More information about the demo code and the screen :
http://iteadstudio.com/application-note/itdb02-2-4-display-with-arduino

I am going to write a library for this controller , and there are the 2.4 and 3.2 inch LCD use the same controller that can use this library ;)
Itead Studio - Make innovation easier

PaulS

Quote
Useing the 2.4 [glow]inch [/glow]TFT LCD


Rats. Going by the thread title, I was hoping to find a LARGE TFT that I could use in a  project.

mowcius

Quote
Rats. Going by the thread title, I was hoping to find a LARGE TFT that I could use in a  project.

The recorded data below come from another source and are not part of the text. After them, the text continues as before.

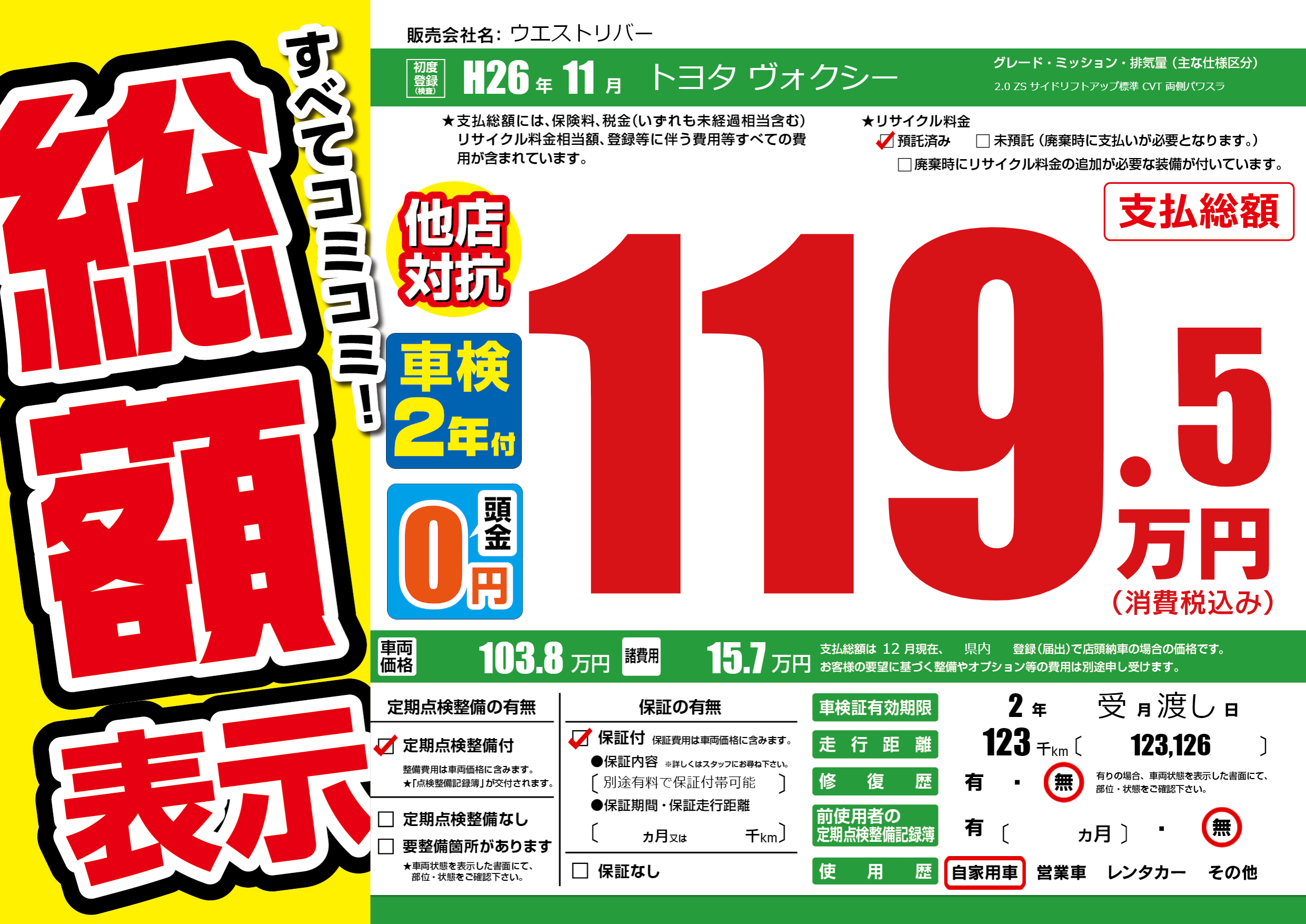 | 走行キロ | 12.3万km | 初年度登録 | H26年11月 |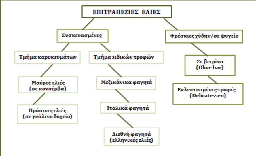 Η πώληση των ελαιών κατά αυτό τον τρόπο έγινε δημοφιλής, με αποτέλεσμα το 26% πλέον των υπεραγορών (από 18% το 2006) να διαθέτουν τις ελιές χύδην. Εν τούτοις, παρά τις σχετικές προωθητικές δράσεις, οι πωλήσεις του προϊόντος παρουσιάζουν μείωση, όπως ήδη έχει λεχθεί. Το γεγονός αυτό οφείλεται στη χαμηλή διείσδυση του προϊόντος στο καταναλωτικό κοινό, καθώς η ανάδειξη των ελαιών σε εκλεκτό προϊόν οδήγησε στην κατανάλωσή του από πιο εύπορους καταναλωτές,που είναι διατεθειμένοι να πληρώσουν περισσότερο για ένα καλύτερης ποιότητας προϊόν από αυτό που, κατά την αντίληψή τους, περιέχεται σε ένα γυάλινο δοχείο ή μια κονσέρβα .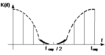 В соответствии со свойствами дискретного преобразования Фурье АЧХ цифрового фильтра периодична с периодом, равным частоте опроса f опр, и симметрична относительно частот mf опр /2, где m=1, 2, …(рисунок 10.4).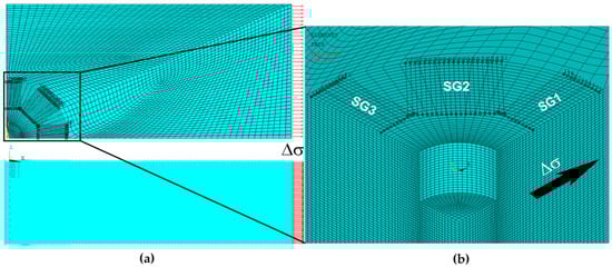 (a) FEM mesh and constraints (top and front view). (b) Mesh amplification near the 1.8 mm diameter hole showing the paths which represent the strain gauge grids (1 mm depth).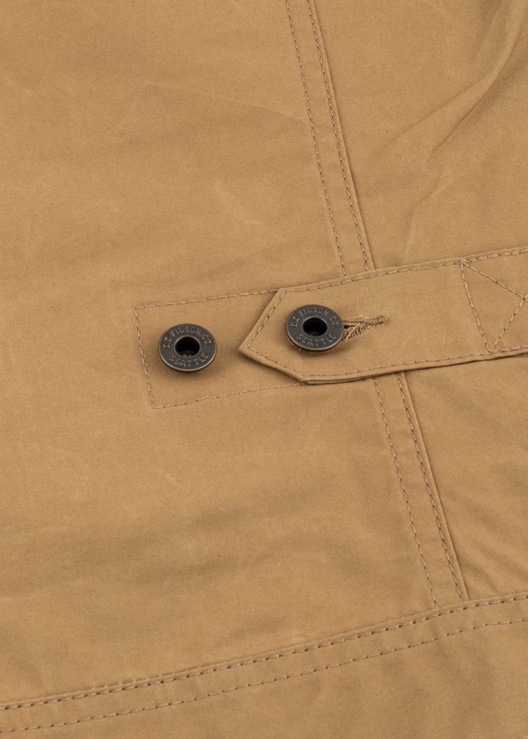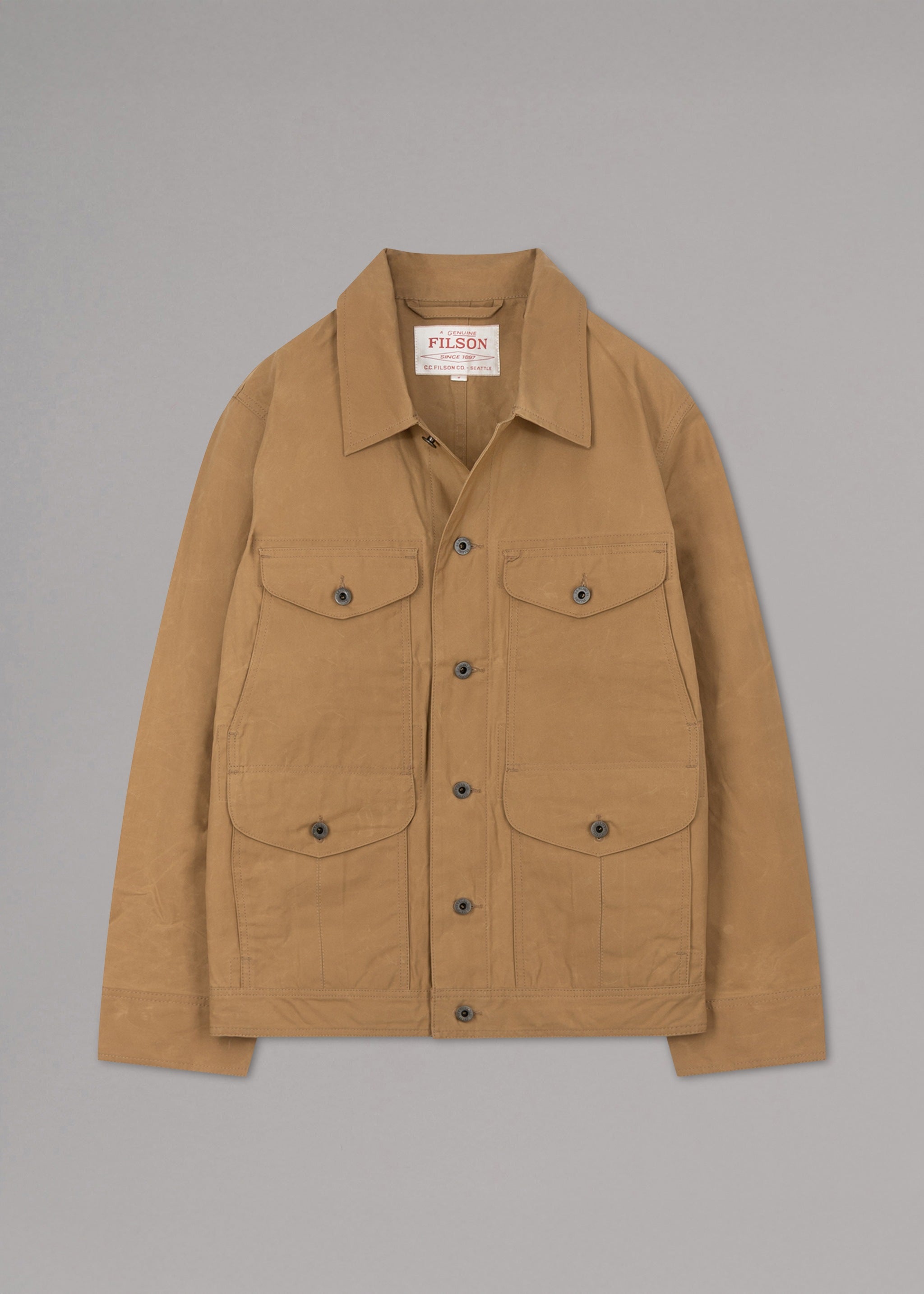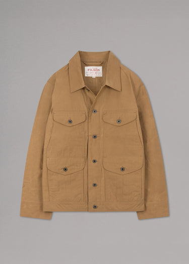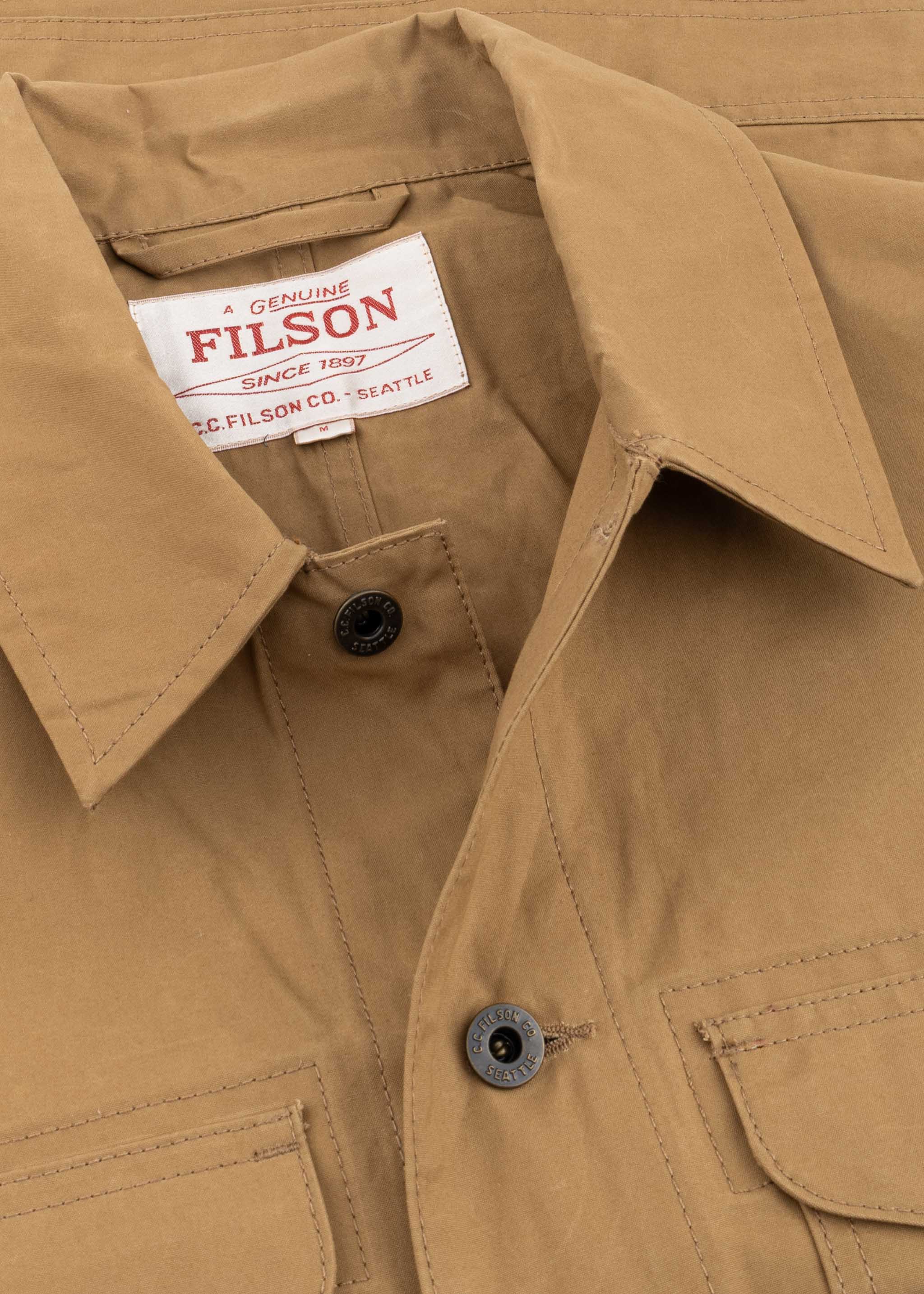 Jacket by Filson made of waxed cotton canvas, classic collar, long sleeves with buttoned cuffs, button placket, four patch pockets with combined opening, waist tab , straight hem, unlined finish.

Haha I didn't notice the 2.4 foot in the title!  ;D

Well at least there are a load of these 2.4" displays hanging around now to choose from.
This place looks pretty cheap though. I wonder how much international shipping to UK is...

Mowcius

retrolefty

The fact that is uses up every I/O pin on a standard Arduino kind of limits it's application doesn't it?  ;)

Plan on using a Mega board if you are going to the trouble of writing a library for it, otherwise it's kind of useless, no?

Lefty

mowcius

meh

I would use an rDuino LEDhead which is standard arduino form factor but has extra pin pads on the board as it uses an 644 chip :)

Mowcius

ITead

#5
May 11, 2010, 04:05 am Last Edit: May 11, 2010, 04:19 am by ITead Reason: 1
Quote
Rats. Going by the thread title, I was hoping to find a LARGE TFT that I could use in a  project.


It's a Low-level errors... 2.4" GLCD  ;)
Itead Studio - Make innovation easier

ITead

#6
May 11, 2010, 04:12 am Last Edit: May 11, 2010, 01:58 pm by ITead Reason: 1
Quote
The fact that is uses up every I/O pin on a standard Arduino kind of limits it's application doesn't it?  

Plan on using a Mega board if you are going to the trouble of gifwriting a library for it, otherwise it's kind of useless, no?

Arduino really with a pool resources of I/O .. so 16bit will use up all the pins of Arduino , if you want to use the touch and the SD card , then just can choose the 8bit mode -- which more slower than you can imagine  :( Mega has enough I/O for the LCD ,touch , SDcard even the external flash .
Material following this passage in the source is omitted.